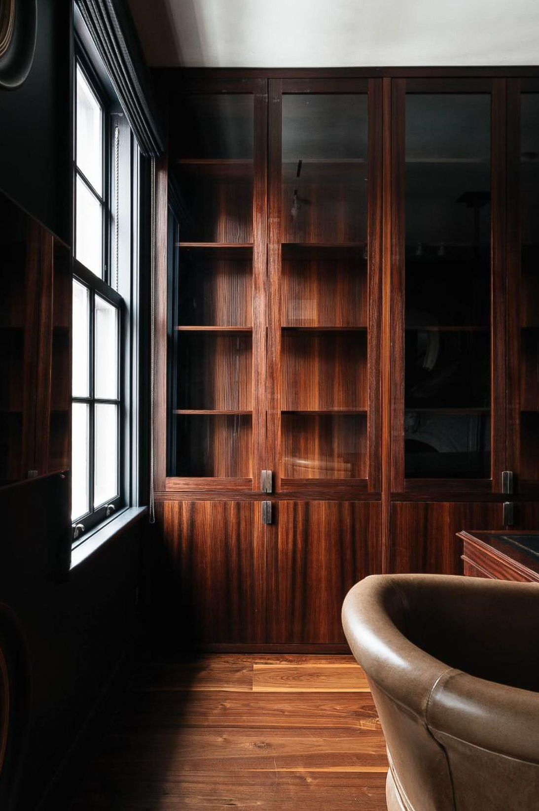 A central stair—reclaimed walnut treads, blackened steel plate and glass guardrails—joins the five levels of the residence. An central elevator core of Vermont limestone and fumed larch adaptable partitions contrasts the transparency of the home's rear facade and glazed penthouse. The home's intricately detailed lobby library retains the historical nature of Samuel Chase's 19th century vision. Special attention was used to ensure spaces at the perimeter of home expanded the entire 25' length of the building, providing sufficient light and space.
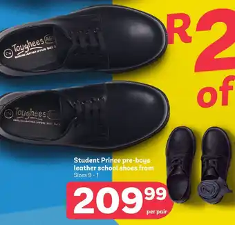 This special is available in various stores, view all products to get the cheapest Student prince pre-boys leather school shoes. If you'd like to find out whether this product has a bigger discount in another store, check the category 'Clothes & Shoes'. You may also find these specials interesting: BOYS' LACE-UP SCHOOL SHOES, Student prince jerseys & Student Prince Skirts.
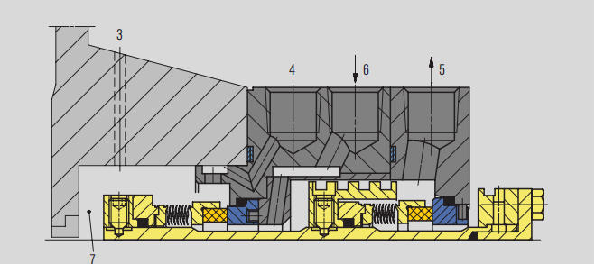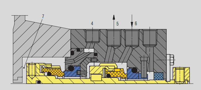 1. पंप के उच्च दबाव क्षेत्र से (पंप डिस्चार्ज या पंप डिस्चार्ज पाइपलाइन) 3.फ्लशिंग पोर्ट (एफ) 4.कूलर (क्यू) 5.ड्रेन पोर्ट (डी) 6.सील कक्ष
----
# PROBLEM DESCRIPTION
Reproduce the data verbatim. Do not carry any picture into the copy.

# RESPONSE AREA
 A central stair—reclaimed walnut treads, blackened steel plate and glass guardrails—joins the five levels of the residence. An central elevator core of Vermont limestone and fumed larch adaptable partitions contrasts the transparency of the home's rear facade and glazed penthouse. The home's intricately detailed lobby library retains the historical nature of Samuel Chase's 19th century vision. Special attention was used to ensure spaces at the perimeter of home expanded the entire 25' length of the building, providing sufficient light and space.
 This special is available in various stores, view all products to get the cheapest Student prince pre-boys leather school shoes. If you'd like to find out whether this product has a bigger discount in another store, check the category 'Clothes & Shoes'. You may also find these specials interesting: BOYS' LACE-UP SCHOOL SHOES, Student prince jerseys & Student Prince Skirts.
 1. पंप के उच्च दबाव क्षेत्र से (पंप डिस्चार्ज या पंप डिस्चार्ज पाइपलाइन) 3.फ्लशिंग पोर्ट (एफ) 4.कूलर (क्यू) 5.ड्रेन पोर्ट (डी) 6.सील कक्ष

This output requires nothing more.